In the data below, begin at the line with "กองทัพอากาศ จัดพิธีรับร่าง 2" and stop after the line with "New Men’s Cow"; output those lines exactly and no pictures.

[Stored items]
--
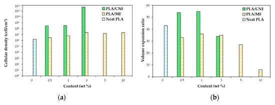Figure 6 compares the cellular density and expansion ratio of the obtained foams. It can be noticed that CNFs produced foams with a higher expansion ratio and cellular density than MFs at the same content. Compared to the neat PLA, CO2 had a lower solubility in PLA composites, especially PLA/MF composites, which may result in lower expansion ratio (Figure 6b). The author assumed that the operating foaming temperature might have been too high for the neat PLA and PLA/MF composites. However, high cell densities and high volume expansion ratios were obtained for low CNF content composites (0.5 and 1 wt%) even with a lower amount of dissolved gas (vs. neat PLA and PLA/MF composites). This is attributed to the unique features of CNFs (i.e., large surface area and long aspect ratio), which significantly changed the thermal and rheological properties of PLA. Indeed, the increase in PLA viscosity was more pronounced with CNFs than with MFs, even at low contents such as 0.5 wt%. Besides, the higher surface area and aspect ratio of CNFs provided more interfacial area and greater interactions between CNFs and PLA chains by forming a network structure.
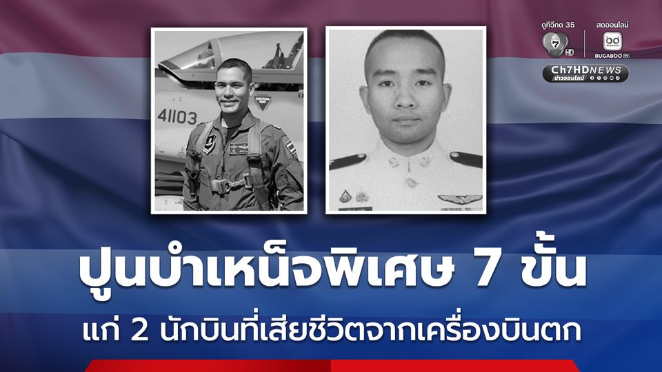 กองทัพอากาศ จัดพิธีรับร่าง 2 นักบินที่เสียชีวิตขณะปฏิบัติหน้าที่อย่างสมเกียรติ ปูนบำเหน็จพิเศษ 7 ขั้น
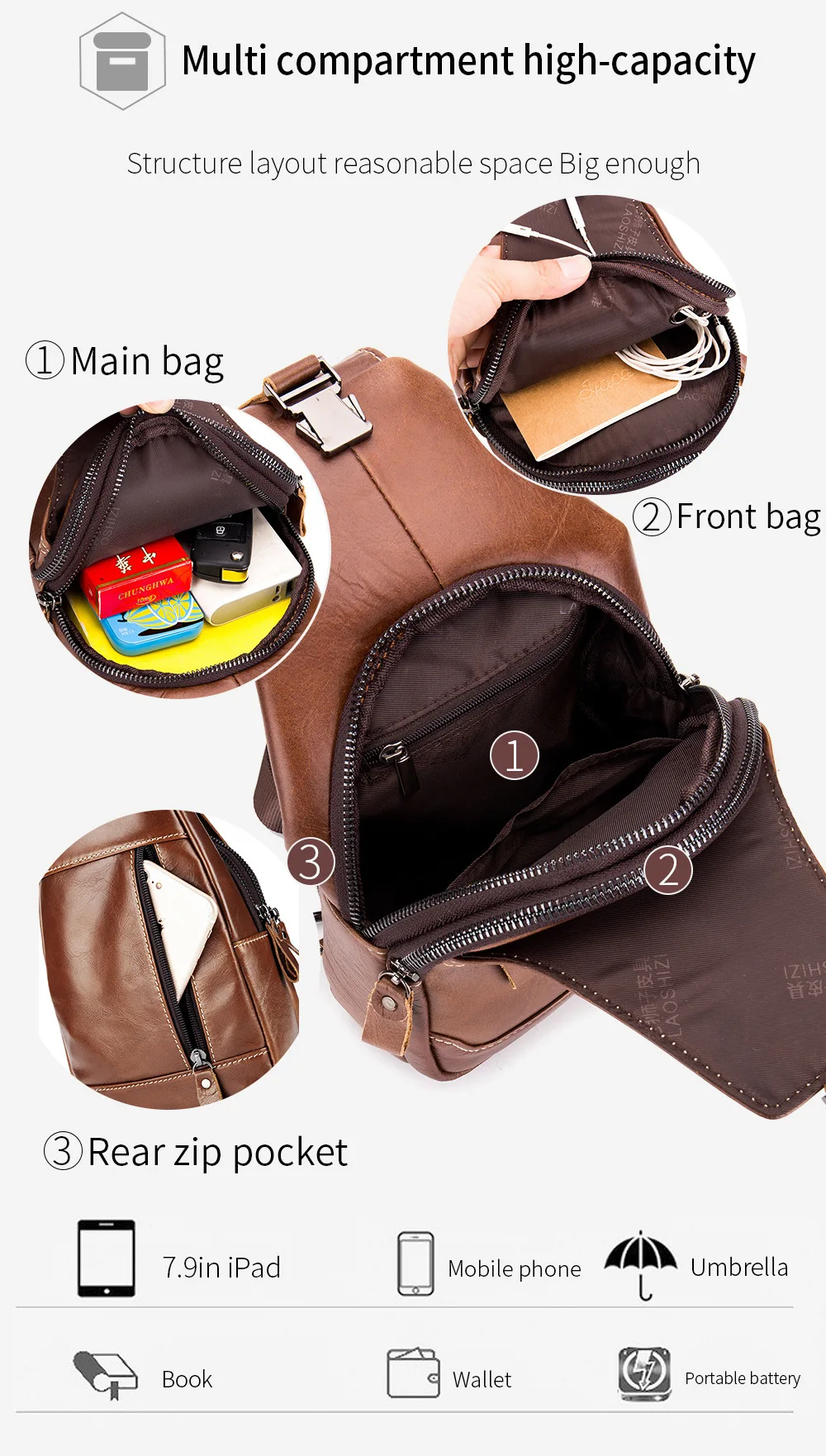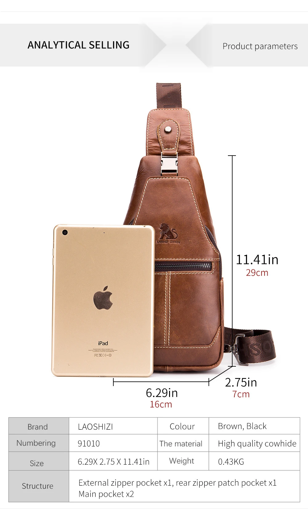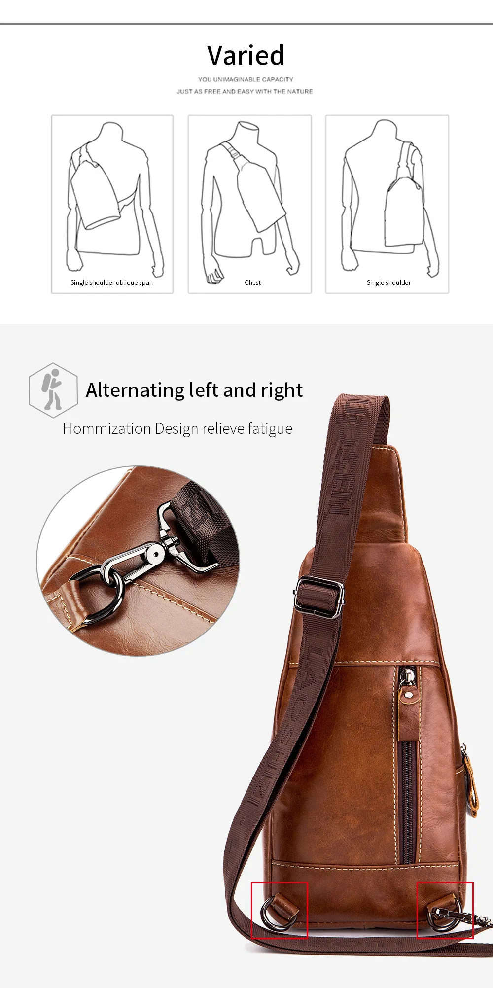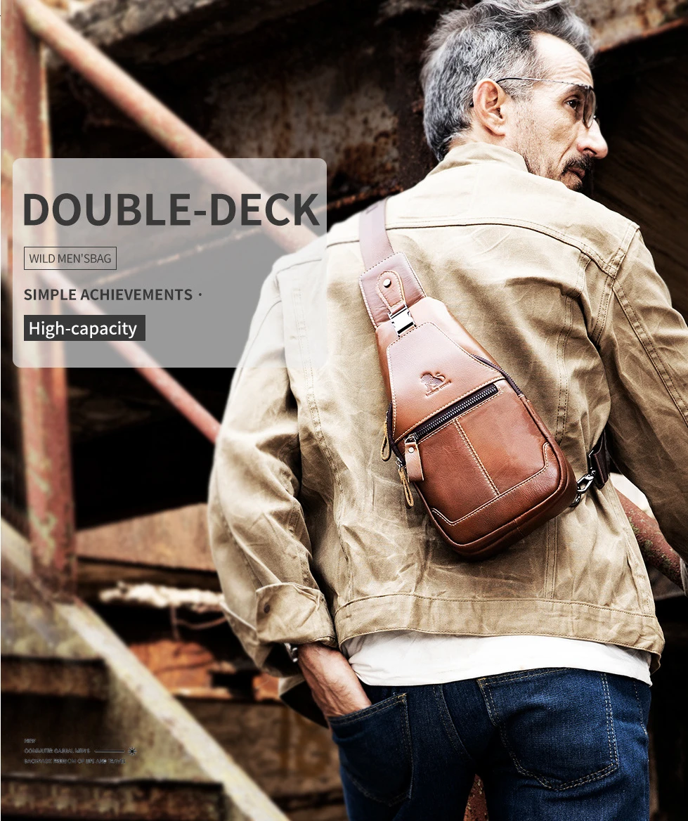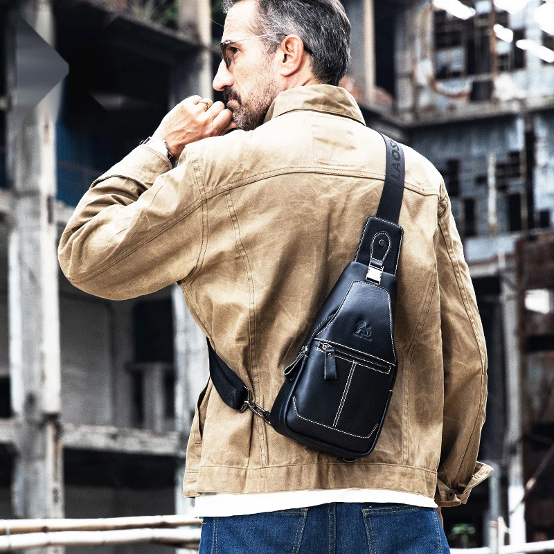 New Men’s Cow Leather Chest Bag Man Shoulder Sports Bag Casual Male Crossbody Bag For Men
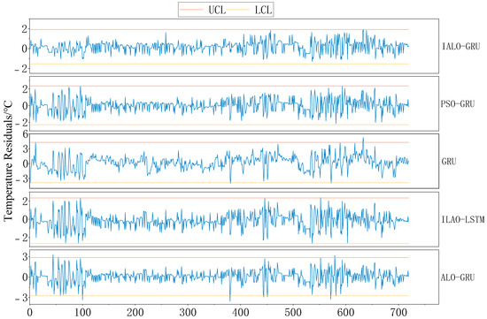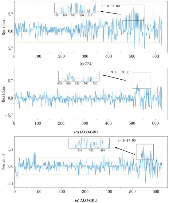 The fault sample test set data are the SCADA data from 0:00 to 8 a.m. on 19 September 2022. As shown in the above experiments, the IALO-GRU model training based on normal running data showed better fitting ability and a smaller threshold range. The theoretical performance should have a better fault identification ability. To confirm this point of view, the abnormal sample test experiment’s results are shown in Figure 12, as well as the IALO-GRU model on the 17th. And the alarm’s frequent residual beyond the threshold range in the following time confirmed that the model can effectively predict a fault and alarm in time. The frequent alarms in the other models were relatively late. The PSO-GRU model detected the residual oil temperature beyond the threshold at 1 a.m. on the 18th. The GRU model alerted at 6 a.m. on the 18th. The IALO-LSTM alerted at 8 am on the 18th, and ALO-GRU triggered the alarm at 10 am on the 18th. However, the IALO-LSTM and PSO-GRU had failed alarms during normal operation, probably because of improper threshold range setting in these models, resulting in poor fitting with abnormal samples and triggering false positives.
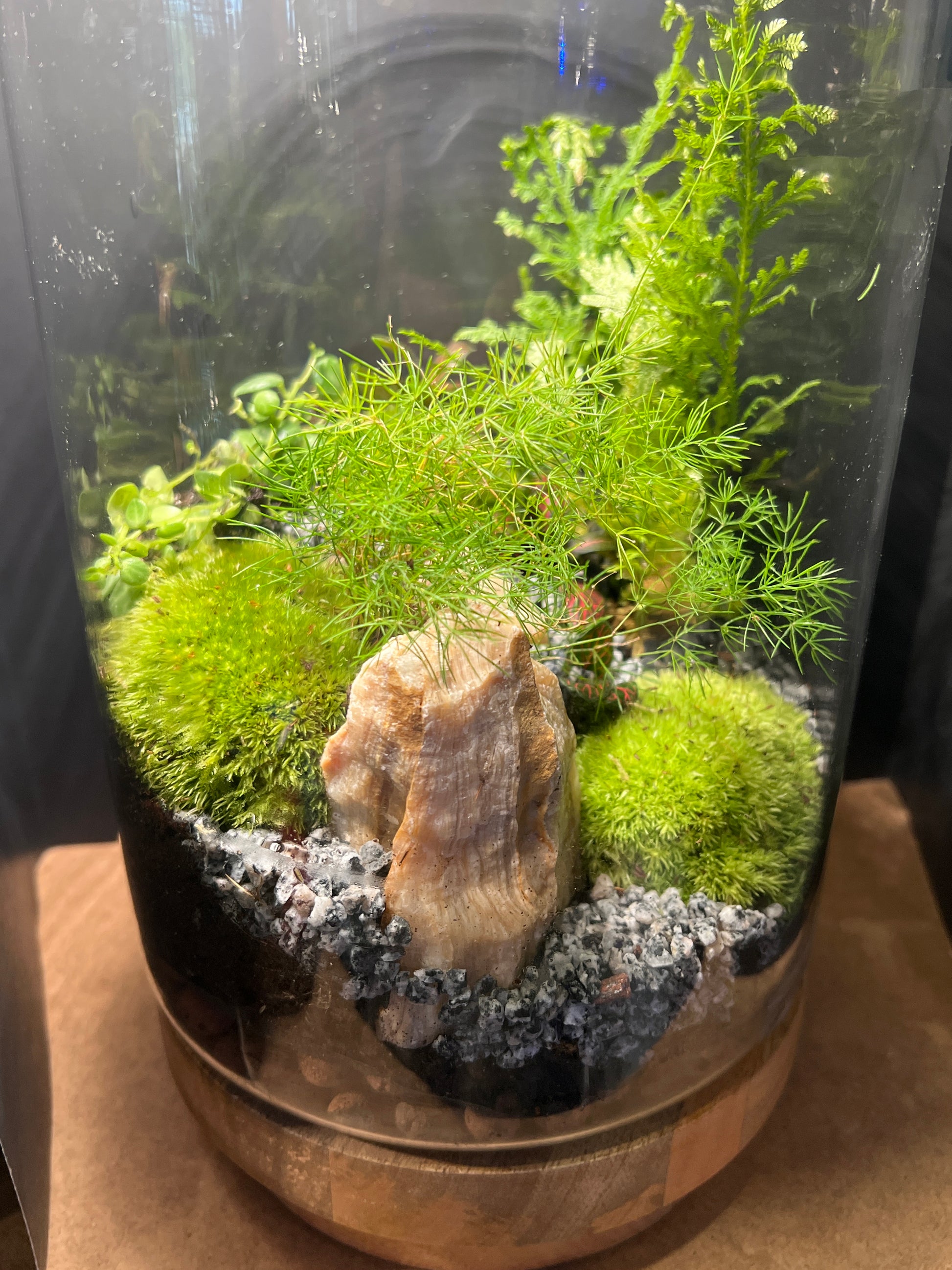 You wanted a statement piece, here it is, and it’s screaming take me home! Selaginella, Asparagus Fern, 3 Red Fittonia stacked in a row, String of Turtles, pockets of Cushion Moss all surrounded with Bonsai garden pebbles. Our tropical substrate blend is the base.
--
ANSWER AREA:
 กองทัพอากาศ จัดพิธีรับร่าง 2 นักบินที่เสียชีวิตขณะปฏิบัติหน้าที่อย่างสมเกียรติ ปูนบำเหน็จพิเศษ 7 ขั้น
 New Men’s Cow Leather Chest Bag Man Shoulder Sports Bag Casual Male Crossbody Bag For Men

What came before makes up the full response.